How to classify data on a test set

Fackelmann · February 8, 2019, 7:43am

Hi,

I have trained my model, and now I’m trying to use it to predict data on a test set (which I have under a ‘test’ folder).

I’ve looked in the forums and I’ve seen mentions to adding a test_name field to a data object this method:

data = ImageClassifierData.from_paths(PATH, tfms=tfms_from_model(arch, sz), test_name='test')

But when I try to do it, I get the following error:

NameError: name 'ImageClassifierData' is not defined

(Not sure if the function/method is deprecated…)

How can I classify that data with my model?

ark_aung · February 8, 2019, 9:29am

ImageClassifierData seems not to exist [anymore] (at least on fastai 1.0.42).

One simple way to add test images under test folder is

data = ImageDataBunch.from_folder(path, ds_tfms=get_transforms(), 224, test='test', bs=64).normalize(imagenet_stats)

or with DataBlock API:

data = (ImageItemList.from_folder(path) #Where to find the data? -> in path and its subfolders
         .split_by_folder()              #How to split in train/valid? -> use the folders
         .label_from_folder()            #How to label? -> depending on the folder of the filenames
         .add_test_folder()              #Optionally add a test set (here default name is test)
         .transform(tfms, size=64)       #Data augmentation? -> use tfms with a size of 64
         .databunch())                   #Finally? -> use the defaults for conversion to ImageDataBunch

you can even check whether your DataBunch has the test data by:
data.test_ds.x[0]

then you can train your Learner (let’s call it learner) and after it has been trained, you can run your Learner on test dataset
preds, _ = learner.get_preds(ds_type=DatasetType.Test)

Fackelmann · February 8, 2019, 10:49pm

Thank you!

I see that it would work, but I think I would need to train the data with that data set right?

In my case I had already trained my model and saved it.

I tried to create a new data2 after training my model, and then loading the model with that data2, but I got an error regarding the dimensions of the data.

So I ended up loading the images and predicting them one by one. Which takes a lot of time and, since we are using GPUs, I bet it’s a huge waste of time and resource. But it worked

I’ve peeked at lesson 2 and I think that Jeremmy will cover that here.

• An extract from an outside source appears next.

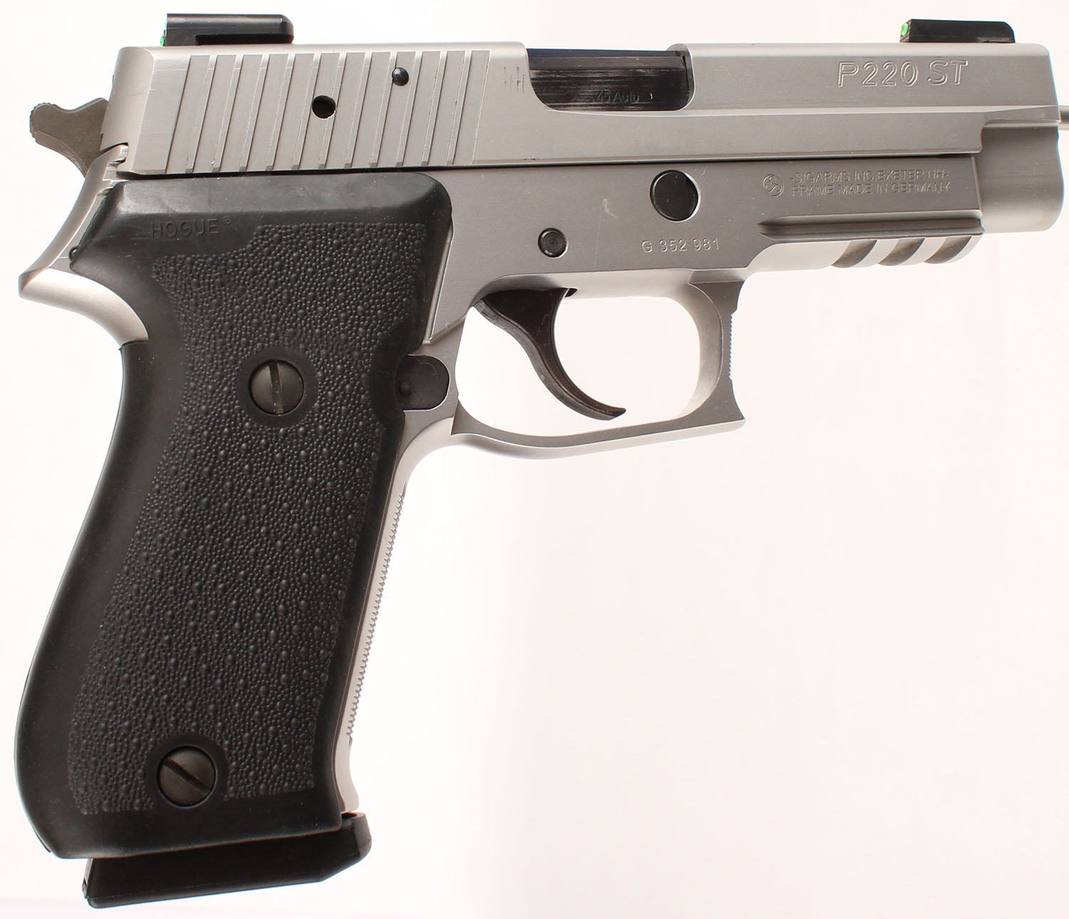 CASED, Sig Sauer, P220 ST, CAL: 45 ACP, MFG: Modern, SN: G352981, Semi Auto Pistol, 4 1/4'' barrel. The Hogue textured grips are excellent. The stainless steel finish is excellent. There are a couple minor handling marks & scuffs. Bore is excellent. The slide holds TruGlo Tritium Night Sights. Comes in factory blue hard case, with related paperwork, hang tang, lock/key, cleaning brush & patches. FFL Req. - Value: 600 to 1000

ark_aung · February 9, 2019, 9:00am

You would not need to train with that data.

For example, you load your learner either with
learner.load (after creating a learner)
(or)
load_learner

Afterwards, you can create a DataBunch with:

data = (ImageItemList.from_folder(path) #Where to find the data? -> in path and its subfolders
         .split_by_folder()              #How to split in train/valid? -> use the folders
         .label_from_folder()            #How to label? -> depending on the folder of the filenames
         .add_test_folder()              #Optionally add a test set (here default name is test)
         .transform(tfms, size=64)       #Data augmentation? -> use tfms with a size of 64
         .databunch())

and then set your learner’s data with
learner.data = data

Then you can do learner.get_preds

Another way is to do:

test = ImageItemList.from_folder(os.path.join(path, 'test'))
learner = load_learner(path, fname='export.pkl', test=test)
preds, _ = learner.get_preds(ds_type=DatasetType.Test)

Sayak · May 7, 2019, 2:45am

Thank you very much for this